**What is being asked:**
Each line from the one containing "Que vous soyez" to the end of the data must be copied exactly, the first and last included; no other lines and no pictures belong in the copy.
•••
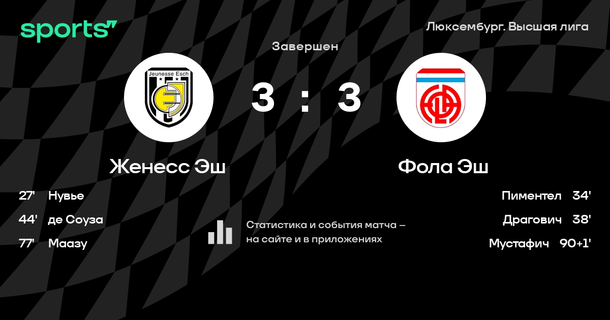 Женесс Эш – Фола Эш: Фола Эш не проигрывает в 8 из 10 последних матчей против этого соперника в гостях в турнире «Люксембург. Высшая лига»
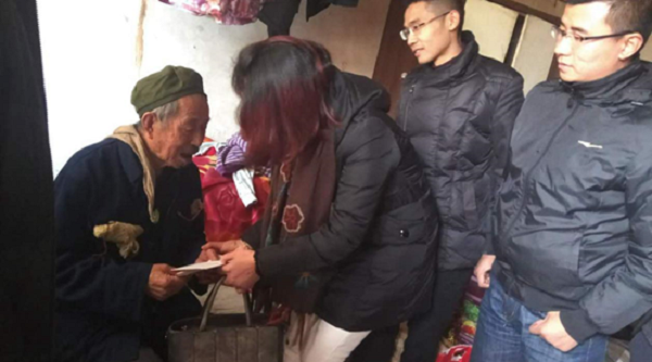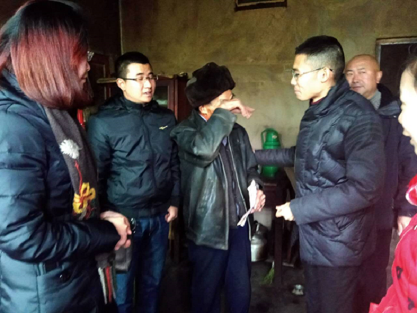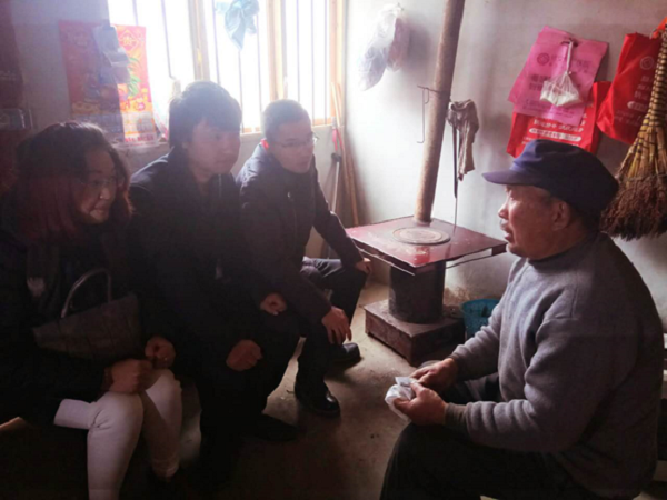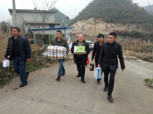 一大早,志愿者們將物料裝車,一行人驅車來到修文縣灑坪鎮,在村支書的帶領下,探望上寨村與蜈蚣橋村的12位空巢老人,為空巢老人送去棉被、大米、食用油、牛奶等暖冬物品,并和老人親切交談,了解當地空巢老人情況。
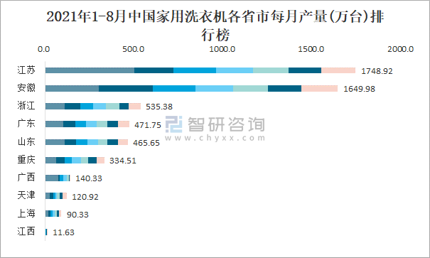 2021年1-8月中國家用洗衣機各省市每月產量排行榜
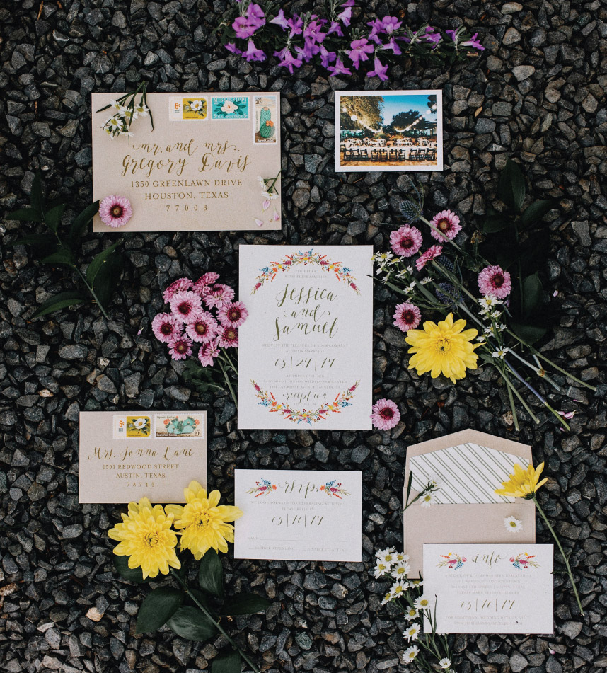 Fall in love with the beautiful blooms on this stunning suite from Peach Paper and Design, a well as at the breathtaking Lady Bird Johnson Wildflower Center.
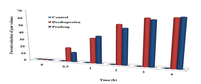 Experimental animals were divided into three groups of six each. Group I received sodium carboxy methylcellulose (0.5%), group II and III received dexibupropen (100 mg/kg) and prodrug 100 mg/kg respectively. Prior to administration, the volume of right hind paw edema of each animal was measured by digital plethysmometer. After 30 min of dosing, carrageenan (0.1 ml, 1% w/v, phlogistic agent) was injected into the planter surface of right hind paw. Right hind paw volume of animals was measured at 0.5, 1, 2, 3 and 4 h intervals. Mean volume differentials were calculated to assess the anti-inflammatory potentials of dexibuprofen conjugate (Vandana et al., 2014 ).
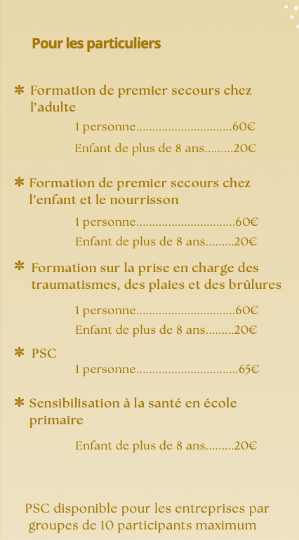 Que vous soyez particuliers, professionnel ou soignant, nous vous apprenons à réagir aux situations d’urgences dans une ambiance conviviale et bienveillante.
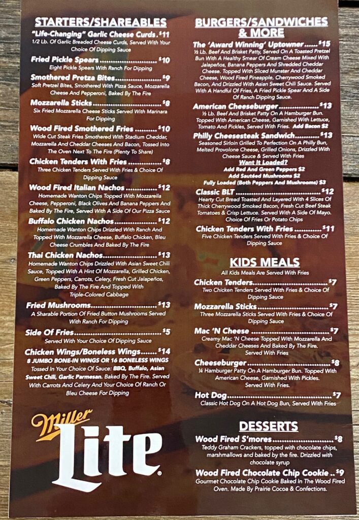 The wood-fired pizzas, which come in two sizes with three crust choices and three gluten-free or vegan crust options, will continue to be the highlight of the menu, but there are plenty of appetizers, burgers, sandwiches and options for the kids.
•••
**Your response:**
 Que vous soyez particuliers, professionnel ou soignant, nous vous apprenons à réagir aux situations d’urgences dans une ambiance conviviale et bienveillante.
 The wood-fired pizzas, which come in two sizes with three crust choices and three gluten-free or vegan crust options, will continue to be the highlight of the menu, but there are plenty of appetizers, burgers, sandwiches and options for the kids.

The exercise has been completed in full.